PPARγ and RBP4 are known to regulate lipid and glucose metabolism and insulin resistance. The influences of PPARγ (C1431T and Pro12Ala) and RBP4 (-803GA) polymorphisms on metabolic syndrome in HIV-infected patients receiving anti-retroviral therapy were examined in this study.


A cross-sectional study of HIV-1 infected adults with antiretroviral therapy for more than one year in the National Cheng Kung University Hospital was conducted. The gene polymorphisms were determined by quantitative PCR.

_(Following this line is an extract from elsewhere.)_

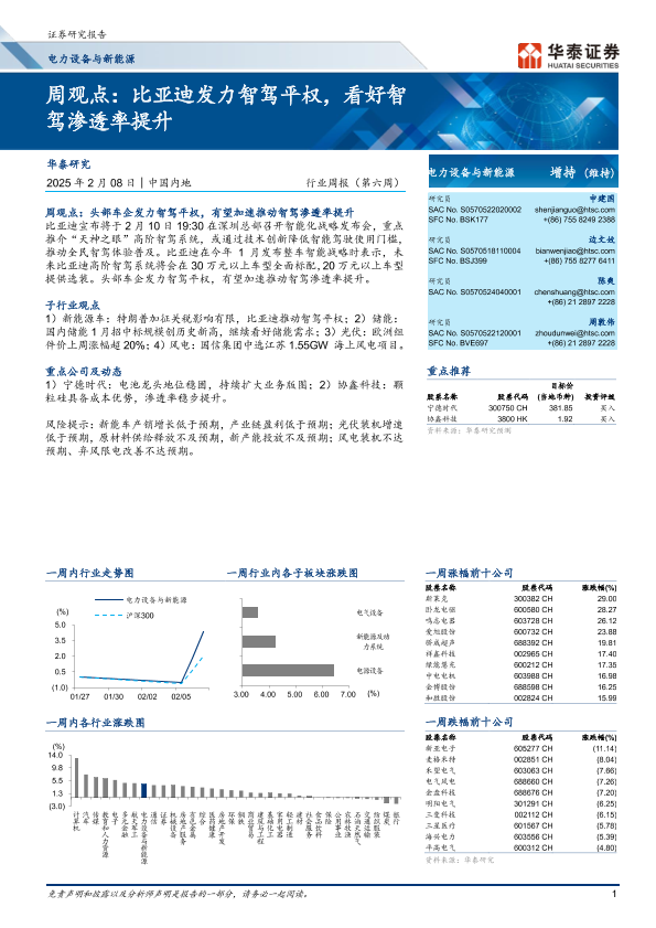【华泰证券】【20250208】电力设备与新能源周观点:比亚迪发力智驾平权,看好智驾渗透率提升-16页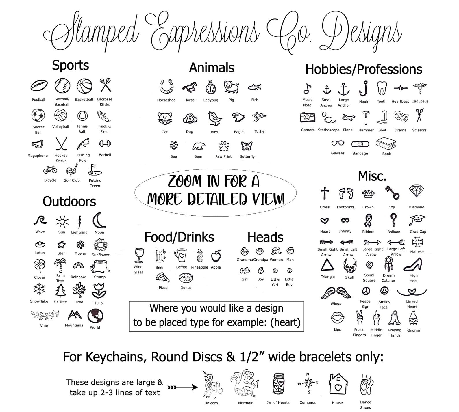 •Approx. character limits depending on the size of any designs that may be chosen, all available designs are shown in the images:

Ninety-one patients were included in the study. Eighty-two (90.1%) patients were males with a mean age of 44.4 years. For the C1431T polymorphism in PPARγ, while patients with the T allele (48.4%) had trends toward lower rate of hypertriglyceridemia, the borderline significance together with insignificant power did not support the protective effect of the T allele against development of hypertriglyceridemia. For the Pro12Ala polymorphism in PPARγ, although patients with the Pro/Ala genotype (8.8%) had a higher level of serum LDL (138.0 vs. 111.5 mg/dl, P = 0.04) and trends toward higher rates of hypercholesterolemia and serum LDL>110 mg/dl, these variables were found to be independent of the Pro/Ala genotype in the multivariate analysis. For the -803GA polymorphism in RBP4, patients with the A allele (23.1%) more often had insulin resistance (HOMA>3.8; 33.3 vs. 8.7%, P = 0.01) and more often received anti-hypoglycemic drugs (14.3 vs. 1.4%, P = 0.04). The detrimental effect of the A allele in RBP4 -803GA polymorphism on development of insulin resistance was supported by the multivariate analysis adjusting for covariates.


The impacts of PPARγ C1431T and Pro12Ala polymorphisms on metabolism in HIV-infected patients are not significant. RBP4 -803GA polymorphism has increased risk of insulin resistance in HIV-infected patients with anti-retroviral therapy.